**YOUR TASK:** Everything in the records below from the line containing "En la escena" through the line containing "Почтовая карточка. 1983 год" is to be reproduced exactly, those two lines included; no picture is to be copied.

**EXERCISE INPUT:**
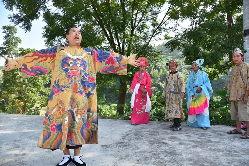 (2022年7月16日蝦其仙在西一鎮(zhèn)養(yǎng)樹(shù)村演唱阿細(xì)先基。陳保舜攝)
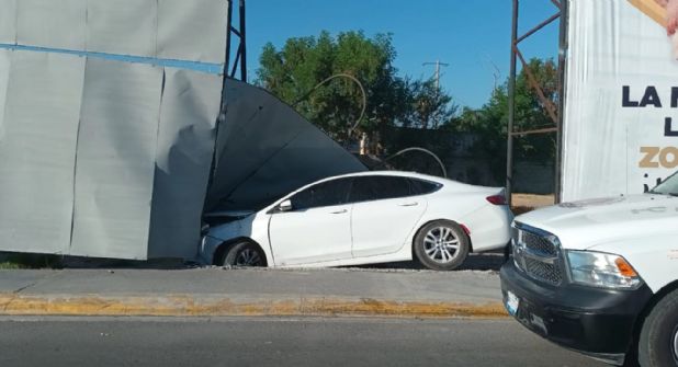 En la escena del choque el automóvil estaba prácticamente metido en el terreno donde se ubican las bases de los anuncios, con el motor encendido.
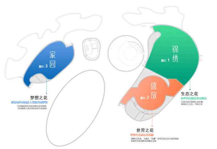 整个馆被分成2个展厅、3个展区,依次为《锦绣》《盛放》和《家园》。
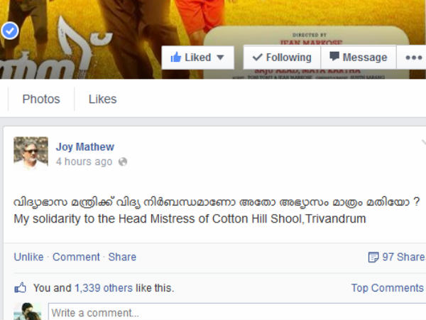 കൊച്ചി: തിരുവനന്തപുരം കോട്ടണ്ഹില് സര്ക്കാര് സ്കൂളിലെ പ്രധാനാധ്യാപികയെ സ്ഥലം മാറ്റിയ വിദ്യാഭ്യാസ മന്ത്രിയുടെ നടപടിക്കെതിരെ നടനും സംവിധായകനുമായ ജോയ് മാത്യു രംഗത്ത്.തന്റെ ഫേസ്ബുക്ക് പോസ്റ്റിലൂടെയാണ് ജോയ്മാത്യു വിദ്യാഭ്യാസ മന്ത്രിയെ വിമർശിച്ചത്.വിദ്യാഭ്യാസ മന്ത്രിക്കു വിദ്യ നിര്ബന്ധമാണോ അതോ അഭ്യാസം മാത്രം മതിയോ എന്നു ഫേസ്ബുക്കിലൂടെ ജോയ് മാതു ചോദിക്കുന്നു. കൂടാതെ അധ്യാപികയ്ക്കു പൂര്ണ പിന്തുണയും അദ്ദേഹം പ്രഖ്യാപിക്കുന്നുണ്ട്. സ്കൂള് ചടങ്ങില് വൈകിയെത്തിയ വിദ്യാഭ്യാസ മന്ത്രിയെ വേദിയിലില്വച്ചു വിമര്ശിച്ചുവെന്നതിന്റെ പേരിലാണു സ്ഥലംമാറ്റം. കോട്ടണ് ഹില് സ്കൂളിലെ പ്രധാനാധ്യാപിക കെ.കെ. ഊര്മിളാ ദേവിയെയാണു സ്ഥലം മാറ്റിയത്.
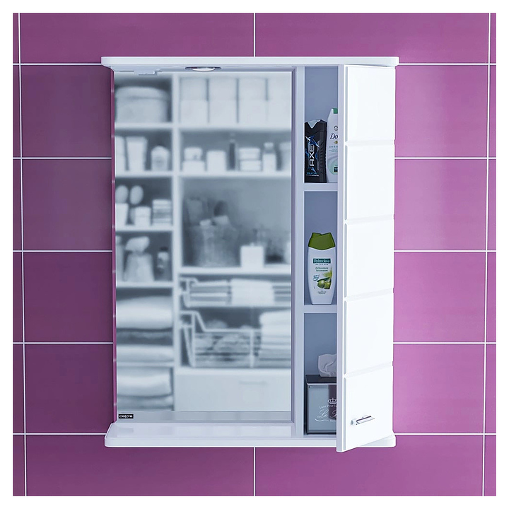 Зеркальный шкаф СаНта Омега 60 дополнит интерьер ванной комнаты. За счет подвесной конструкции изделие экономит пространство в ванной комнате и облегчает уборку. Модель оснащена распашной дверцей, 2 полками за дверцей, открытой полкой в нижней части шкафа, светильником, розеткой и выключателем. Корпус выполнен из влагостойкой ЛДСП и покрыт пленкой для защиты от внешних воздействий, фасад - из МДФ. Особенности:
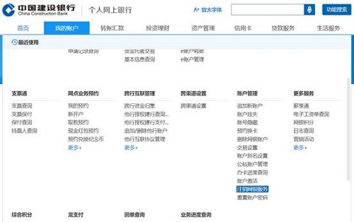 1.登录建行个人网银,在菜单“我的账户”-“账户管理”下点击“注销网银服务”。
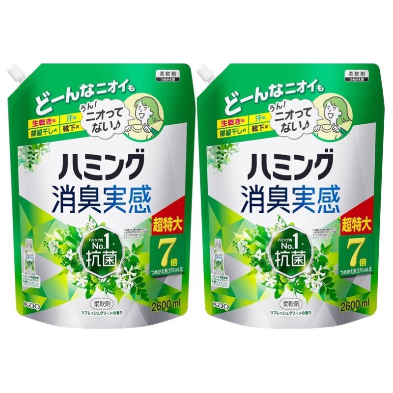 ハミング消臭実感 リフレッシュグリーン 詰替え用 2600ml 柔軟剤 大容量 つめかえ 詰め替えつめこみ洗いも、部屋干しも、無敵消臭! ●ハミング内No.1抗菌*1 *1抗菌できる菌が複数あること。一部の菌は数回の洗たく。すべての菌の増殖を抑えるわけではありません。 ●アタックの消臭技術採用 ●ニオイ戻りもブロック(着用中の汗臭、濡れ戻り臭) ●洗たく槽も防カビ(すべてのカビの増殖を抑えるわけではありません) ●花粉ブロック(静電気を防ぐ) ●リフレッシュグリーンの香り| 出价者 | 信用 | 价格 | 时间 |
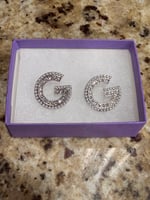 G shaped earrings with Pearls around the side.
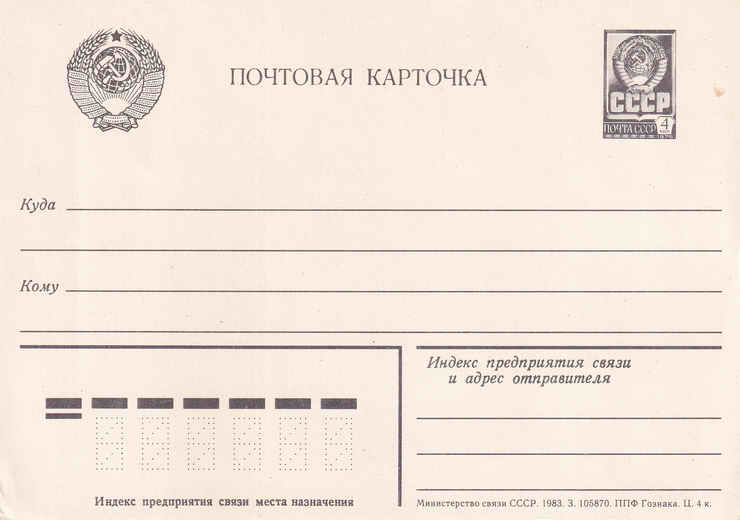 Почтовая карточка. 1983 год
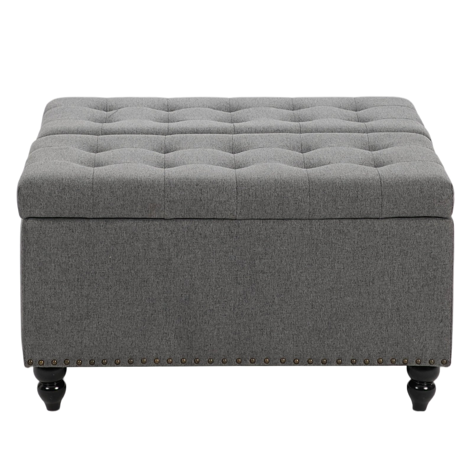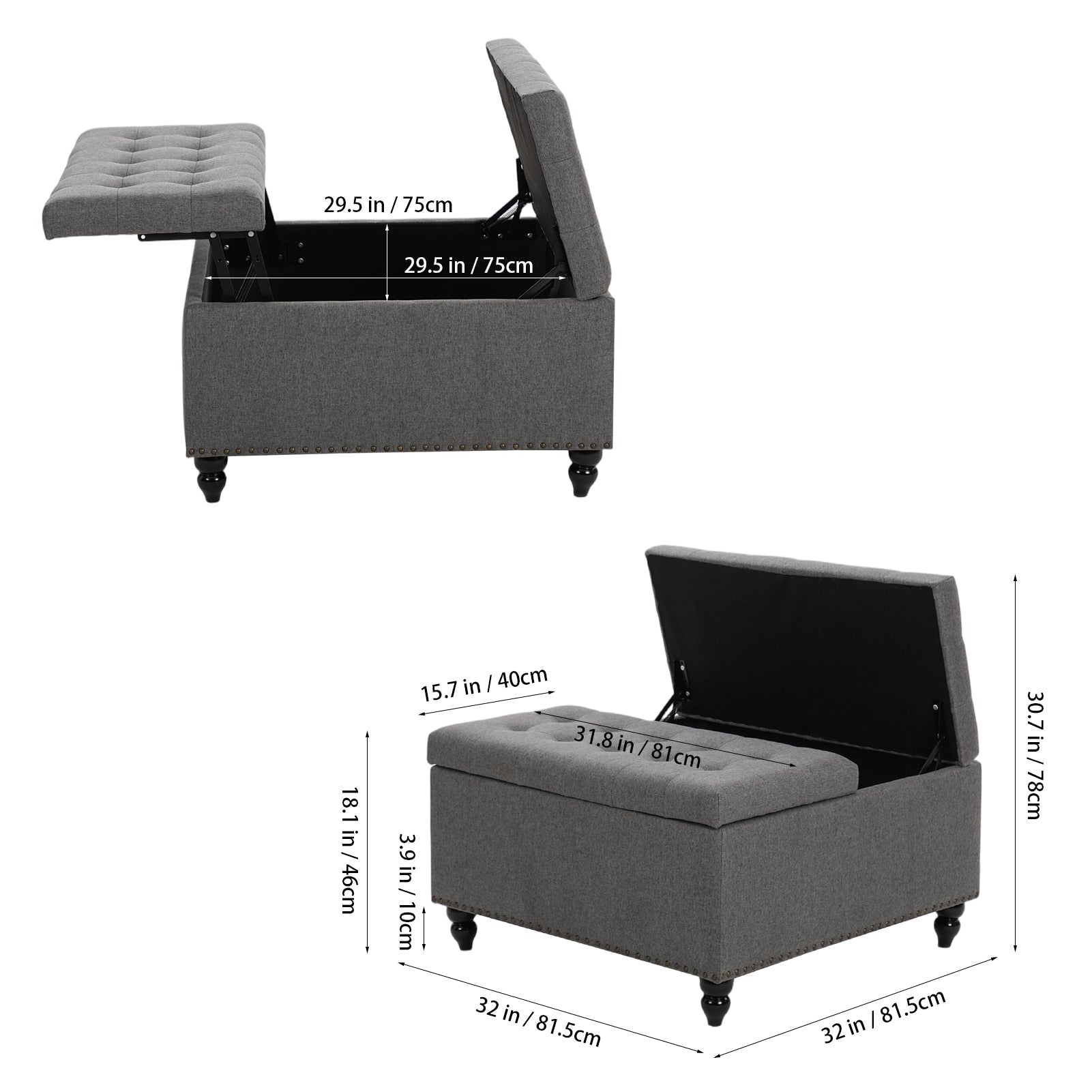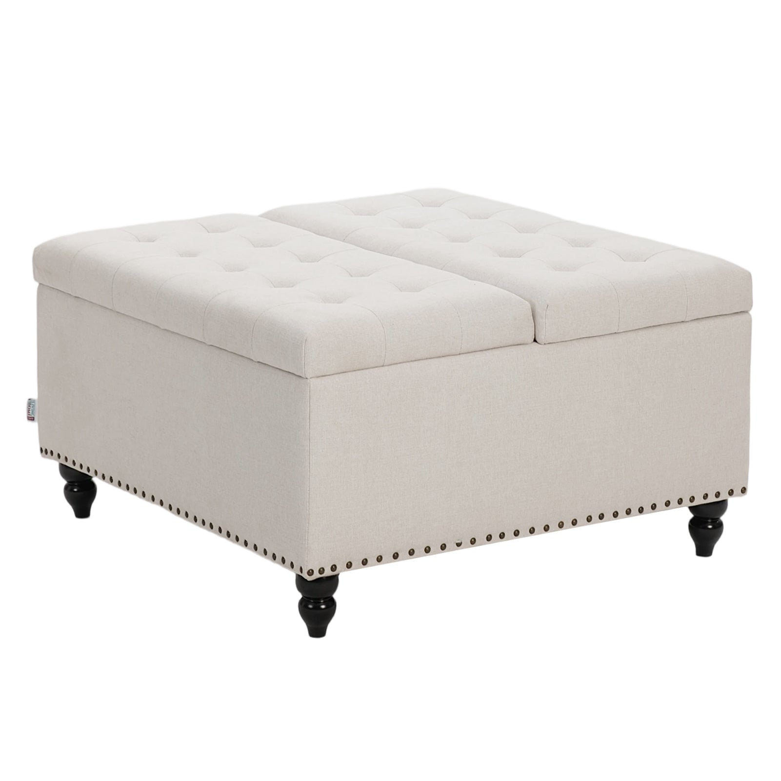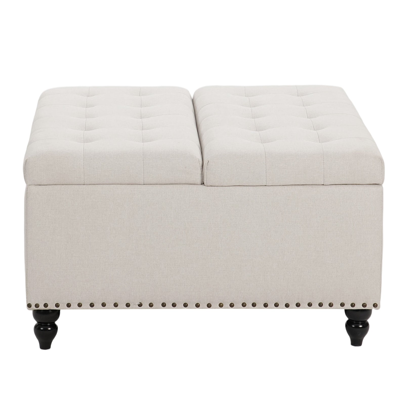 Square Linen Upholstered Storage Ottoman with Lift-Top & Flip Design

**FINISHED TASK:**
 En la escena del choque el automóvil estaba prácticamente metido en el terreno donde se ubican las bases de los anuncios, con el motor encendido.
 整个馆被分成2个展厅、3个展区,依次为《锦绣》《盛放》和《家园》。
 കൊച്ചി: തിരുവനന്തപുരം കോട്ടണ്ഹില് സര്ക്കാര് സ്കൂളിലെ പ്രധാനാധ്യാപികയെ സ്ഥലം മാറ്റിയ വിദ്യാഭ്യാസ മന്ത്രിയുടെ നടപടിക്കെതിരെ നടനും സംവിധായകനുമായ ജോയ് മാത്യു രംഗത്ത്.തന്റെ ഫേസ്ബുക്ക് പോസ്റ്റിലൂടെയാണ് ജോയ്മാത്യു വിദ്യാഭ്യാസ മന്ത്രിയെ വിമർശിച്ചത്.വിദ്യാഭ്യാസ മന്ത്രിക്കു വിദ്യ നിര്ബന്ധമാണോ അതോ അഭ്യാസം മാത്രം മതിയോ എന്നു ഫേസ്ബുക്കിലൂടെ ജോയ് മാതു ചോദിക്കുന്നു. കൂടാതെ അധ്യാപികയ്ക്കു പൂര്ണ പിന്തുണയും അദ്ദേഹം പ്രഖ്യാപിക്കുന്നുണ്ട്. സ്കൂള് ചടങ്ങില് വൈകിയെത്തിയ വിദ്യാഭ്യാസ മന്ത്രിയെ വേദിയിലില്വച്ചു വിമര്ശിച്ചുവെന്നതിന്റെ പേരിലാണു സ്ഥലംമാറ്റം. കോട്ടണ് ഹില് സ്കൂളിലെ പ്രധാനാധ്യാപിക കെ.കെ. ഊര്മിളാ ദേവിയെയാണു സ്ഥലം മാറ്റിയത്.
 Зеркальный шкаф СаНта Омега 60 дополнит интерьер ванной комнаты. За счет подвесной конструкции изделие экономит пространство в ванной комнате и облегчает уборку. Модель оснащена распашной дверцей, 2 полками за дверцей, открытой полкой в нижней части шкафа, светильником, розеткой и выключателем. Корпус выполнен из влагостойкой ЛДСП и покрыт пленкой для защиты от внешних воздействий, фасад - из МДФ. Особенности:
 1.登录建行个人网银,在菜单“我的账户”-“账户管理”下点击“注销网银服务”。
 ハミング消臭実感 リフレッシュグリーン 詰替え用 2600ml 柔軟剤 大容量 つめかえ 詰め替えつめこみ洗いも、部屋干しも、無敵消臭! ●ハミング内No.1抗菌*1 *1抗菌できる菌が複数あること。一部の菌は数回の洗たく。すべての菌の増殖を抑えるわけではありません。 ●アタックの消臭技術採用 ●ニオイ戻りもブロック(着用中の汗臭、濡れ戻り臭) ●洗たく槽も防カビ(すべてのカビの増殖を抑えるわけではありません) ●花粉ブロック(静電気を防ぐ) ●リフレッシュグリーンの香り| 出价者 | 信用 | 价格 | 时间 |
 G shaped earrings with Pearls around the side.
 Почтовая карточка. 1983 год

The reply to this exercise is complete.